<<<<
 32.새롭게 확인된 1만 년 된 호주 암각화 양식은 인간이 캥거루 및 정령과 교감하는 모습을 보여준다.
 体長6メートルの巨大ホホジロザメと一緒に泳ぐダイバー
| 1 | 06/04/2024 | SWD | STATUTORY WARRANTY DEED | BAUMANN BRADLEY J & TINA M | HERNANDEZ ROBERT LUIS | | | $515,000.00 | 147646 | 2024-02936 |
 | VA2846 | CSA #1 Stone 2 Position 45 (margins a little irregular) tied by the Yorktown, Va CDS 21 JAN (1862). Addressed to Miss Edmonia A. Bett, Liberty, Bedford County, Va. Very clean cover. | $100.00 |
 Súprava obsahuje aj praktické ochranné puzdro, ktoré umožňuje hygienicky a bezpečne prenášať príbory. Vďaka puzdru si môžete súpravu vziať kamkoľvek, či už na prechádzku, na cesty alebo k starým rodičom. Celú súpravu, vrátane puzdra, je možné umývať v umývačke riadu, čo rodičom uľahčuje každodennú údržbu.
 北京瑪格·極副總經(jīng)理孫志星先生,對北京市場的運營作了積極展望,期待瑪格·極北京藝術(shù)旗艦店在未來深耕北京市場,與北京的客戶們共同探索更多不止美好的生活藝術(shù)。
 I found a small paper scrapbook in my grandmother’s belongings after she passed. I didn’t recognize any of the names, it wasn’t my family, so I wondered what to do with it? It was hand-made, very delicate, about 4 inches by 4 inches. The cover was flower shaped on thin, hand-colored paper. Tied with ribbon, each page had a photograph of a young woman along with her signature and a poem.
>>>>
<<<<
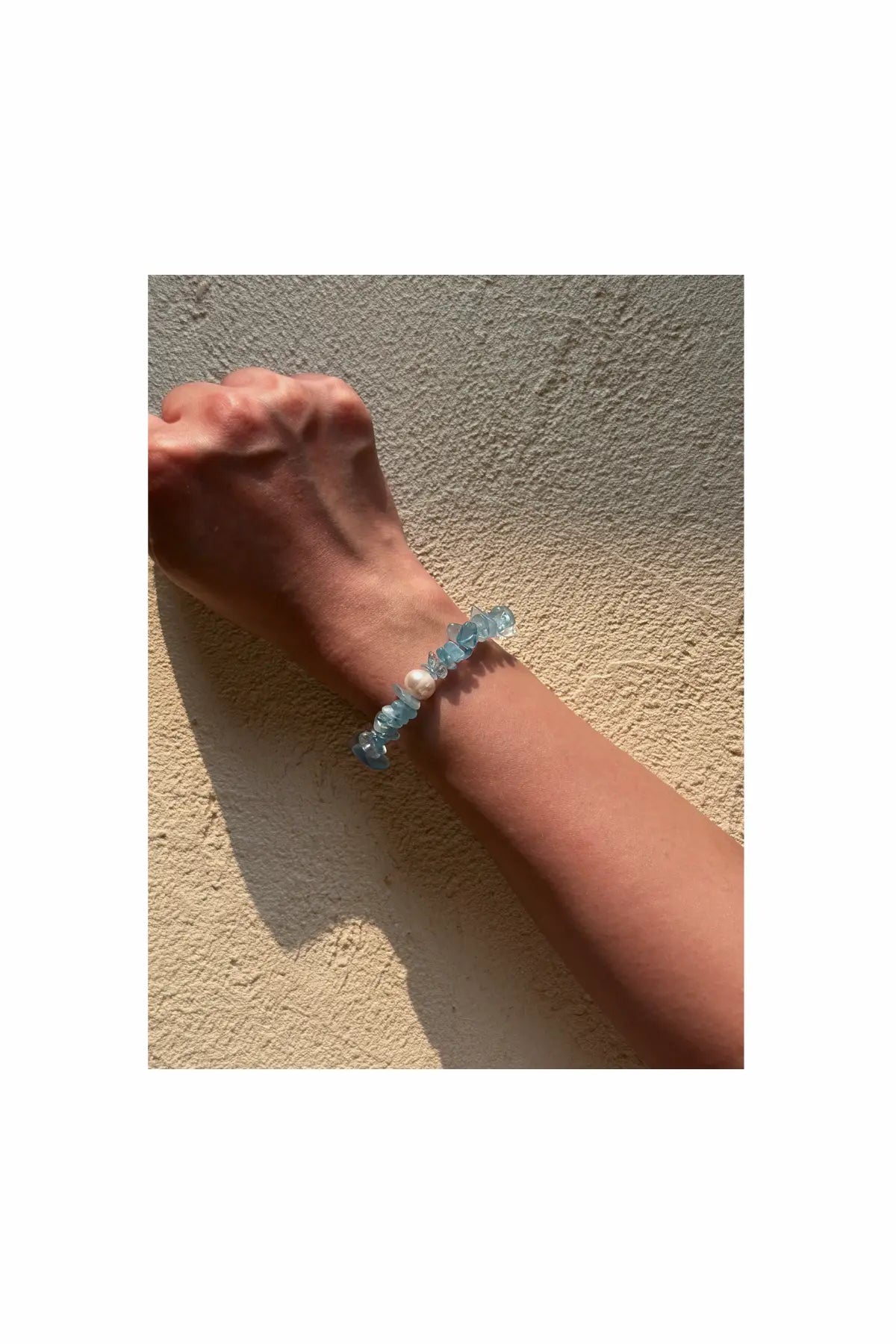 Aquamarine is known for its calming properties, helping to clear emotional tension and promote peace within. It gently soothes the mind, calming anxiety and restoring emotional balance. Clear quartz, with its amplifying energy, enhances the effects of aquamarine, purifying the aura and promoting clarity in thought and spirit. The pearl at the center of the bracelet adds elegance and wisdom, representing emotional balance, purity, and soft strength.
>>>>
# [What you have to do]
Please say how many lines in the records contain the word "cover", and give only that number.

# [Exercise solution]
2